Give relative motion as expressed by 3, surface plate surface.

The workpiece is polished using a pre-applied lapping agent.

Although it is processed, even if the surface plate is flat.

- The polished surface is not flat and is generally used during work.

It has a convex shape with 6 parts sticking out. In other words, the outer circumference of the workpiece has a sagging shape, so the flatness is 0.1 pm.

During high-precision polishing processing where order is an issue.

It was a topic. 1゜ [Object of the Invention] The object of the present invention is to solve the above-mentioned drawbacks of the prior art, and to provide a polishing device that improves the transferability of the cross-sectional shape of the workpiece to the precision of the surface plate, and improves the flatness or asphericity of the workpiece. It's about doing.

5 [Summary of the Invention] The amount of polishing per unit area of the polished surface of a workpiece is proportional to the product of the polishing pressure acting on that point and the polishing distance of that point. By the way, at the outer periphery of the workpiece.

Stress concentration due to polishing pressure acts, and the polishing pressure shows a distribution that gradually increases rapidly from the center of the workpiece to the outer part, and it is physically impossible to eliminate this.

Therefore, the polishing efficiency of the outer circumference of the workpiece is inevitably high.
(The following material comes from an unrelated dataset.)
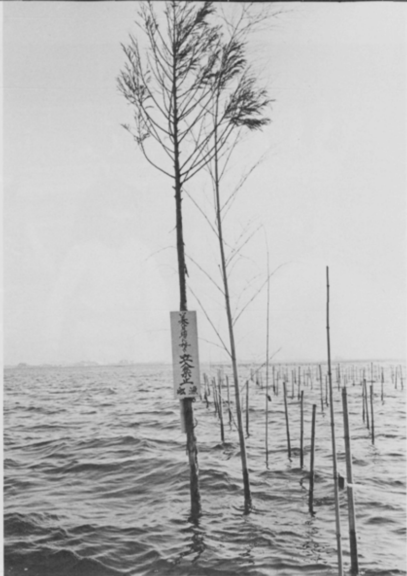
「ぼんげ、漁師はこれによって舟の位置を知る」
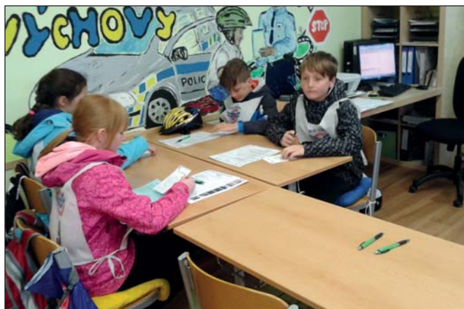
ZŠ – Dopravní soutěž (str. 5)

This will cause dripping around the workpiece. In the present invention:

In order to improve this, the above-mentioned polishing distance is changed between the central part and the outer periphery of the workpiece. 6 [Embodiments of the Invention] The following describes an XY sliding wrap device to which the present invention is applied.

1, and also to give the resurge melon motion 3.

The movement mechanism is shown in Figure 3. Here, the workpiece 1 is fixed to a holder 4 via a spherical bearing 5.

A polishing load PO is applied by a rod 6. .

Therefore, the workpiece can always be polished following the surface of the surface plate. Also, the rod 6 is a bearing 7 and an arm.

8. Driven by an eccentric shaft 10 via a bearing 9.

The eccentric shaft 10 rotates while being eccentric from the center axis of the rotating disk 11 by an amount e relative to the central axis of the rotating disk 11 which is rotationally driven by the motor 14.

With such a link mechanism, the workpiece 1 reciprocates on one axis along the arm 80 guide surface (not shown). If this is taken as the X axis, by providing a similar drive mechanism in the direction orthogonal to this, the workpiece can be moved in an XY reciprocating manner with respect to the surface plate, and two surge figures can be drawn. Of course,
.

Move the surface plate in XY motion without moving the workpiece.

The same is true.　　　　　　　　　　　　　.

In such an XY sliding lapping device, stress concentration due to polishing pressure acts on the outer periphery of the workpiece, as shown in FIG.

As shown in (1), the cross-sectional shape of the workpiece is narrow at the periphery.

It is processed into a convex shape. However, Figure 2.

For moving the workpiece from one end to the other, as shown.

Set the distance 12 longer than the length to of the surface plate, and measure the workpiece.

Given the amount of protrusion, the response at the outer periphery of the surface plate.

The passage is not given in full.